Saving the model on Google Colab requires us to import a simple module, google.colab
. The process is very simple.
from google.colab import files
model = model.save('model.hdf5')
files.download('model.hdf5')
To load the model, we can simply call the command below.
model = load_model('model.hdf5')
Learning Curve
Let’s take a look at the loss curve of the model. We can simply look at the value of the loss function as printed throughout the training scheme, but why not visualize it if we can?
def plot_learning_curve(history):
loss = history.history['loss']
epochs = [i for i, _ in enumerate(loss)]
plt.scatter(epochs, loss, color='skyblue')
plt.xlabel('Epochs'); plt.ylabel('Cross Entropy Loss')
plt.show()
plot_learning_curve(history)
As expected, the loss decreases throughout each epoch. The reason I was not paticularly worried about overfitting was that we had so much data to work with, especially in comparison with the relatively constrained memory capacity of our one-layered model.
Prediction Generation
One of the objectives of this tutorial was to demonstrate the fun we can have with generative models, namely neural networks that can be used to generate data themselves, not just classify or predict data points. To put this into perspective, let’s compare the objectives of a generative model with that of a discriminative model. Simply put, the goal of a discriminative model is to model and calculate
\[P(y \vert X)\]where $y$ is a label and $X$ is some input vector. As you can see, discriminative models arise most commonly from the context of supervised machine learning, such as regression or classification.
In contrast, the goal of a generative model is to approximate the distribution
\[P(X)\]which we might construe to be the probability of observing evidence or data. By modeling this distribution, the goal is that we might be able to generate samples that appear to have been sampled from this distribution. In other words, we want our model to generate likely data points based on an approximation of the true distribution from which these observations came from.
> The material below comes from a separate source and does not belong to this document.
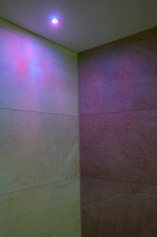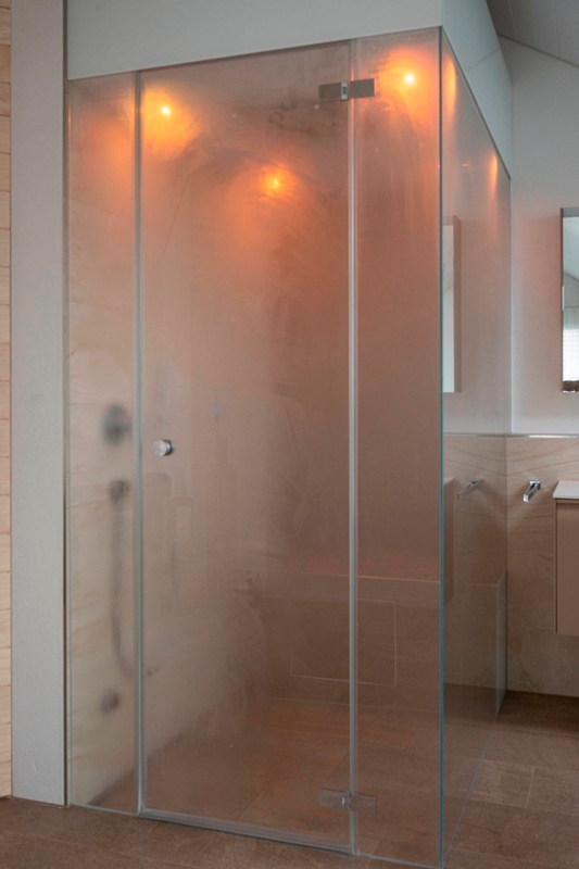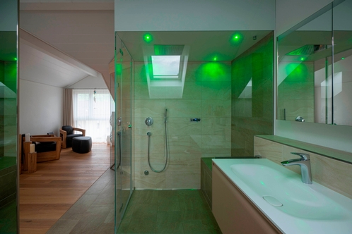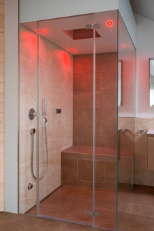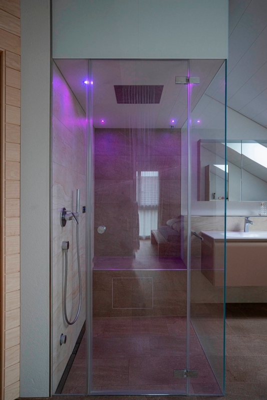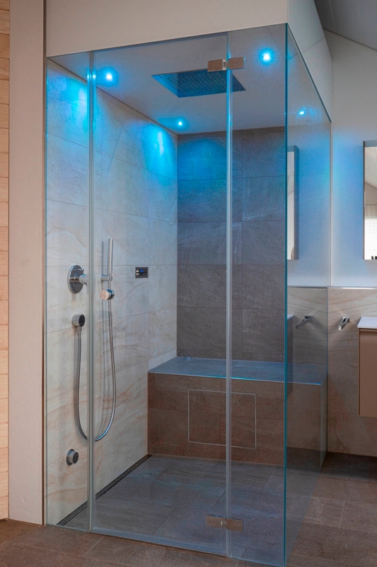 Direkt daneben, die massgeschneiderte Dampfdusche, mit grosszügigem Dampfsitz, der gleichzeitig als „Versteck“ für die hochwertige Dampftechnik dient. Vom Boden bis zu den Wänden mit Natursteinfliesen veredelt und mit filigranem Farblicht ausgestattet. Dank des millimetergenauen Glasverlaufs liegt die Scheibe perfekt an. Sichtbare Wandhalterungen oder einen Rahmen sucht man hier vergebens. Die Pendeltür lässt sich nach innen wie aussen schwenken. Eine, flächenbündig ins Dach integrierte Regenbrause komplettiert das (Dampf-) Duscherlebnis. Das tropfarme, massgefertigte Dach bildet den harmonischen Abschluss für ein exklusives Raum- und Duscherlebnis.

In the context of this tutorial, our neural network should be able to somewhat immitate the speech of the famous German philosopher based on the training it went through with text data, although we would not expect the content generated by our neural network to have the same level of depth and profoundity as those of his original writings.
Adding Randomness
As mentioned above, the objective of a generative model is to model the distribution of the latent space from which observed data points came from. At this point, our trained model should be able to model this distribution, and thus generate predictions given some input vector.
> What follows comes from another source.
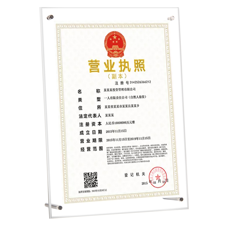 A3 Acrylic display card display stand A4 Taiwan card certificate box Advertising photo table authorization card Transparent card
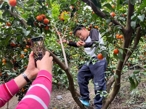 老人仔细挑选果实,孩子们蹦蹦跳跳穿梭林间,成年人抬手剪果,时不时拍照打卡留作纪念,欢声笑语回荡在橘园里。耐心的讲解、贴心的叮嘱,让哈尔滨游客倍感温暖,连连夸赞“广西老表太热情了!”

However, we want to add some element of randomness of noise in the prediction. Why might we want to do this? Well, an intuitive pitfall we might expect is that the model might end up generating a repetition of some likely sequence of characters. For example, let’s say the model’s estimated distribution deems the sequence “God is dead” to be likely. Then, the output of our model might end up being something like this:
…(some input text) God is dead God is dead God is dead… (repetition elided)
We don’t want this to happen. Instead, we want to introduce some noise so that the model faces subtle obstructions, thereby making it get more “creative” with its output instead of getting trapped in an infinite loop of some likely sequence.
Below is a sample implementation of adding noise to the output using log and exponential transformations to the output vector of our model. The transformation might be expressed as follows:
\[T(\hat{y}, t) = \frac{1}{K}\text{exp}\left(\frac{\log(\hat{y})}{t}\right)\]where $T$ denotes a transformation, $\hat{y}$ denotes a prediction as a vector, $t$ denotes temperature as a measure of randomness, and $K$ is a normalizing constant. Although this might appear complicated, all it’s doing is that it is adding some perturbation or disturbance to the output data so that it is possible for less likely characters to be chosen as the final prediction.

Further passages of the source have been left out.